Train the linear regression model using the following formula and the training data.frame.

Provide the summary of the regression result.

formula <- 
  cnt ~ temp + hum + windspeed + weather_cond + 
        hr + month + year
model <- lm(formula, data = dtrain)
summary(model)
formula <- 
  cnt ~ temp + hum + windspeed + weather_cond + 
        hr + month + year
model <- lm(formula, dtrain)
stargazer(model, type = "html")
Dependent variable:
cnt
temp 45.435***
(2.497)
hum -16.002***
(1.514)
windspeed -5.260***
(1.192)
weather_condLight Snow or Light Rain -63.617***
(4.554)
weather_condMist or Cloudy -9.905***
(2.719)
hr1 -22.949***
(7.539)
hr2 -30.672***
(7.570)
hr3 -44.896***
(7.600)
hr4 -46.209***
(7.763)
hr5 -26.574***
(7.516)
hr6 33.192***
(7.607)
hr7 169.990***
(7.633)
hr8 313.340***
(7.616)
hr9 161.589***
(7.563)
hr10 102.764***
(7.603)
hr11 127.123***
(7.733)
hr12 165.599***
(7.608)
hr13 157.843***
(7.727)
hr14 148.061***
(7.661)
hr15 157.643***
(7.769)
hr16 214.809***
(7.789)
hr17 373.854***
(7.621)
hr18 345.954***
(7.895)
hr19 235.428***
(7.602)
hr20 153.243***
(7.517)
hr21 102.863***
(7.632)
hr22 65.298***
(7.500)
hr23 24.596***
(7.526)
month02 9.600*
(5.517)
month03 32.520***
(5.763)
month04 50.391***
(6.158)
month05 61.240***
(7.150)
month06 45.513***
(7.911)
month07 18.049**
(8.588)
month08 40.037***
(8.183)
month09 71.740***
(7.357)
month10 85.233***
(6.371)
month11 60.285***
(5.686)
month12 42.384***
(5.542)
year2012 84.498***
(2.205)
Constant -8.347
(7.693)
Observations 8,713
R2 0.687
Adjusted R2 0.685
Residual Std.
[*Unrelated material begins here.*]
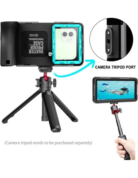 • Configurazione rapida: inserisci il telefono e chiudi la custodia. Tutto ciò che devi fare è accendere la fotocamera o il video prima di immergerti. La custodia impermeabile ha un design a "otturatore". Per catturare tutti i dettagli della tua avventura, premi direttamente il pulsante di scatto.
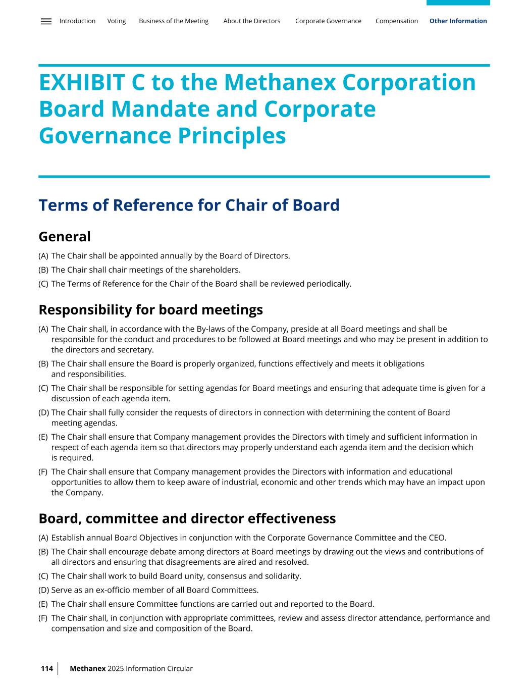 EXHIBIT C to the Methanex Corporation Board Mandate and Corporate Governance Principles Terms of Reference for Chair of Board General (A) The Chair shall be appointed annually by the Board of Directors. (B) The Chair shall chair meetings of the shareholders. (C) The Terms of Reference for the Chair of the Board shall be reviewed periodically. Responsibility for board meetings (A) The Chair shall, in accordance with the By-laws of the Company, preside at all Board meetings and shall be responsible for the conduct and procedures to be followed at Board meetings and who may be present in addition to the directors and secretary. (B) The Chair shall ensure the Board is properly organized, functions effectively and meets it obligations and responsibilities. (C) The Chair shall be responsible for setting agendas for Board meetings and ensuring that adequate time is given for a discussion of each agenda item. (D) The Chair shall fully consider the requests of directors in connection with determining the content of Board meeting agendas. (E) The Chair shall ensure that Company management provides the Directors with timely and sufficient information in respect of each agenda item so that directors may properly understand each agenda item and the decision which is required. (F) The Chair shall ensure that Company management provides the Directors with information and educational opportunities to allow them to keep aware of industrial, economic and other trends which may have an impact upon the Company. Board, committee and director effectiveness (A) Establish annual Board Objectives in conjunction with the Corporate Governance Committee and the CEO. (B) The Chair shall encourage debate among directors at Board meetings by drawing out the views and contributions of all directors and ensuring that disagreements are aired and resolved. (C) The Chair shall work to build Board unity, consensus and solidarity. (D) Serve as an ex-officio member of all Board Committees. (E) The Chair shall ensure Committee functions are carried out and reported to the Board. (F) The Chair shall, in conjunction with appropriate committees, review and assess director attendance, performance and compensation and size and composition of the Board. Introduction Voting Business of the Meeting About the Directors Corporate Governance Compensation Other Information 114 Methanex 2025 Information Circular

Error 101.652 (df = 8672)
F Statistic 475.432*** (df = 40; 8672)
Note: p<0.1; p<0.05; p<0.01



Q1d

Which hr is most strongly associated with changes in cnt? Interpret the beta estimate of that hr.

sum_model <- tidy(model) %>% 
  filter(str_detect(term, "hr")) %>% 
  arrange(-estimate) %>% 
  slice(1)
  • All else being equal, an hour17 relative to an hour 0 is associated with an increase in cnt by \(373.85\).
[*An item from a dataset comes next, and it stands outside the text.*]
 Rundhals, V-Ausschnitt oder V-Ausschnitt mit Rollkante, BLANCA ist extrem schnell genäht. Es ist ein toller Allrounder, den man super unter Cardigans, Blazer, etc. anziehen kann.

  • All else being equal, an hour17 relative to an hour 0 is associated with an increase in cnt by \((373.85 - 2\times 7.62,\; 373.85 + 2\times 7.62)\).



Q1e

Make a prediction on the outcome variable using the testing data.frame and the regression result from Q1c.

dtest <- dtest %>% 
  mutate( pred = predict(model, 
                         newdata = dtest) )



Q1f

On average, are the predictions correct in the model in 3a? Are there systematic errors?

# actual vs. predicted outcome plot
ggplot( data = dtest, 
        aes(x = pred, y = cnt) ) +
  geom_point( alpha = 0.2, color = "darkgray" ) +
  geom_smooth( color = "darkblue" ) +  
  geom_abline( color = "red", linetype = 2 ) +  # y = x, perfect prediction line
  geom_vline(aes(xintercept = 0), lty = 'dotted') + 
  geom_hline(aes(yintercept = 0), lty = 'dotted')

# resitual plot
ggplot(data = dtest, 
       aes(x = pred, y = cnt - pred)) +
  geom_point(alpha = 0.2, color = "darkgray") +
  geom_smooth( color = "darkblue" ) +   
  geom_hline( aes( yintercept = 0 ),  # perfect prediction 
              color = "red", linetype = 2) + 
  geom_vline(aes(xintercept = 0), lty = 'dotted')

  • There is a systematic error in the sense that the variance of residual increases with the value of pred.

  • Additionally, some values of pred are less than zero, which may not make sense because cnt \(\geq\) 0.